THE TASK >> Your answer should be only the lines below from the one with "配信/ゲーミング/レコーディング向け クランプ式固定 モニター下部からの設置に適用" to the one with "The design of", repeated exactly, ends included.

(Stored items)
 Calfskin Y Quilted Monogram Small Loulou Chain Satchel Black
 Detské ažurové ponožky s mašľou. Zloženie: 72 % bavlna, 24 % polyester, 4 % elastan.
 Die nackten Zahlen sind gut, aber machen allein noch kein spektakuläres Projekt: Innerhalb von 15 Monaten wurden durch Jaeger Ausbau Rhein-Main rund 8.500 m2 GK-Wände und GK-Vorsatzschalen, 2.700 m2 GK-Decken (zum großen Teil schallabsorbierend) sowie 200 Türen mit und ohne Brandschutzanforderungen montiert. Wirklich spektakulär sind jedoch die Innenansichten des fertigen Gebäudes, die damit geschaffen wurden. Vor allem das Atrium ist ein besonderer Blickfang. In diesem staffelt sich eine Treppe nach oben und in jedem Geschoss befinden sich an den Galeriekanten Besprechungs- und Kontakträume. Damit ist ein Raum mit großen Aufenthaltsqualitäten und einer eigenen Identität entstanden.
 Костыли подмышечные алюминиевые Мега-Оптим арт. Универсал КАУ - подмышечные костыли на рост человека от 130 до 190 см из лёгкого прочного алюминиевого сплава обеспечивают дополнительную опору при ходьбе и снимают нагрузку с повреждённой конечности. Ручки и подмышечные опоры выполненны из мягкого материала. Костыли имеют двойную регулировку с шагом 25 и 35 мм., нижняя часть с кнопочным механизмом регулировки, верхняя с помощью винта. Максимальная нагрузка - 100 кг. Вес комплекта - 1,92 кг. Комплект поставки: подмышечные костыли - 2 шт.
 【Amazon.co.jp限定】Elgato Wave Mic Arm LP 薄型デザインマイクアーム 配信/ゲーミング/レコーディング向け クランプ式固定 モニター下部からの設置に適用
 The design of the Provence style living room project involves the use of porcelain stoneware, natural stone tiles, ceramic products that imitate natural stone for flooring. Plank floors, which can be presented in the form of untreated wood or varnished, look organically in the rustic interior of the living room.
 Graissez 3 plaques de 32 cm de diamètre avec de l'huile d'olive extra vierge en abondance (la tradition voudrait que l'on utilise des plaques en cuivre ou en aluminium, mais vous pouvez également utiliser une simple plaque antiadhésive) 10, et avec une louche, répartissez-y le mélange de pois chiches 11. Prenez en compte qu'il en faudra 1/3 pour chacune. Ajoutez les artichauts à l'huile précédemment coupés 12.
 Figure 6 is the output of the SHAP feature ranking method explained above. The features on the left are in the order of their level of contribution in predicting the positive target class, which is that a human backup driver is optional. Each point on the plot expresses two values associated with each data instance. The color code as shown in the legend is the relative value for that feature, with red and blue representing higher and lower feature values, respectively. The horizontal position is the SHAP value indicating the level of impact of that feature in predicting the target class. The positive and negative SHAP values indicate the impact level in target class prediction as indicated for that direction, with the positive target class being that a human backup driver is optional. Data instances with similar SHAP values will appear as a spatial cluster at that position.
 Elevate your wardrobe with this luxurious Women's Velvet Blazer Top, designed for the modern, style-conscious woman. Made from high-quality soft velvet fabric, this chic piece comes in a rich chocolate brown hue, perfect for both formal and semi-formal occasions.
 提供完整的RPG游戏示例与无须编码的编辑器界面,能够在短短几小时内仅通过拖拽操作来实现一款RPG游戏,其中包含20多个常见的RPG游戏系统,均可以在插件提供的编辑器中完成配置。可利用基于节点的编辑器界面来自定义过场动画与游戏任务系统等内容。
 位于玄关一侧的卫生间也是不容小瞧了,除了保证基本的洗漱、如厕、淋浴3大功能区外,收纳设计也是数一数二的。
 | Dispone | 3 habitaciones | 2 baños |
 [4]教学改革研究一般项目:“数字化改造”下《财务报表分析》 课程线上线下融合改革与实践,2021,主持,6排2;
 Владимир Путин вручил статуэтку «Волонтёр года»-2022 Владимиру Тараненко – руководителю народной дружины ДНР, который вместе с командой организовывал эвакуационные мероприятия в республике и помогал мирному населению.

OUTPUT OF THE EXERCISE >>
 【Amazon.co.jp限定】Elgato Wave Mic Arm LP 薄型デザインマイクアーム 配信/ゲーミング/レコーディング向け クランプ式固定 モニター下部からの設置に適用
 The design of the Provence style living room project involves the use of porcelain stoneware, natural stone tiles, ceramic products that imitate natural stone for flooring. Plank floors, which can be presented in the form of untreated wood or varnished, look organically in the rustic interior of the living room.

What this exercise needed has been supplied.